Microsoft’s Azure cloud and 365 systems suffered an outage at noon on Wednesday because of a configuration error – hours before its quarterly earnings call and about a week after rival AWS underwent a widespread outage that shut down applications and services for most of the day.
See Also: Tokenization, Authentication, and the Future of Machine-Led Transactions
Microsoft on its Azure Status page Wednesday said an “an inadvertent configuration change” triggered the outage, which resulted in “latencies, timeouts and errors” for users.
To restore the Azure Front Door system, Microsoft deployed its “last known good configuration” and posted at 5:40 p.m. that the recovery should be complete by 7:20 p.m. Wednesday. Affected Azure services include App Service, Azure Active Directory B2C, Azure Communication Services, Azure Databricks, Azure Healthcare APIs, Azure Maps, Azure Portal, Azure SQL Database, Container Registry, Media Services, Microsoft Defender External Attack Surface Management, Microsoft Entra ID, Microsoft Purview, Microsoft Sentinel, Video Indexer, and Virtual Desktop.

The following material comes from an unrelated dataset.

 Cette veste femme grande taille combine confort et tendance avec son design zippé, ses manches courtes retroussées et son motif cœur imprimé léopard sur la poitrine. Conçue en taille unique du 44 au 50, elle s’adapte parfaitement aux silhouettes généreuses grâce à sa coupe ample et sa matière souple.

Microsoft said it immediately began recovering nodes and re-routing traffic through healthy nodes, but the process takes time and “some requests may still land on unhealthy nodes, resulting in intermittent failures or reduced availability until more nodes are fully restored.” As the company reloads configurations and rebalances traffic across working nodes, the recovery process needs to be gradual to ensure “stability and preventing overload as dependent services recover.”
The Redmond, Washington-based software giant had scheduled its quarterly earnings call after the market closed on Wednesday. Microsoft’s stock price dropped to $523.25 in after-hours trading, down 3.57% from the market closing price.

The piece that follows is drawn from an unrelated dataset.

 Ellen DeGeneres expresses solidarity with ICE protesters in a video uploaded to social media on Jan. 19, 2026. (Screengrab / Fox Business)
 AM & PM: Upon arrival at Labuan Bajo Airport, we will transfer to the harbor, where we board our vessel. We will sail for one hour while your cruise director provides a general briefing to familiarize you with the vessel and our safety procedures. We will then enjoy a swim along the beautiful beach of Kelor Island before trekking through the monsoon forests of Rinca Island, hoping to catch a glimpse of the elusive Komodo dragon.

The outage came a little over a week after Amazon Web Services dealt with a widespread outage that affected its own services and dozens of its clients for most of day on Oct. 20. AWS blamed the outage on a domain name system misconfiguration
AWS said the failure to DNS resolution of the DynamoDB API endpoint happened in the cluster of data centers located in Northern Virginia, an area with the world’s largest concentration of cloud infrastructures.
The AWS disruption affected several widely used applications and services, including British banks Lloyds and Halifax as well as some British government websites including Gov.uk and HM Revenue and Customs. AWS said it detected the issue during the first hours of Monday morning. By 5:27 a.m. EST it said that most services had been restored. Affected companies also included the Amazon.com storefront, Disney+, Ring doorbells, Venmo, McDonald’s and encrypted chat app Signal.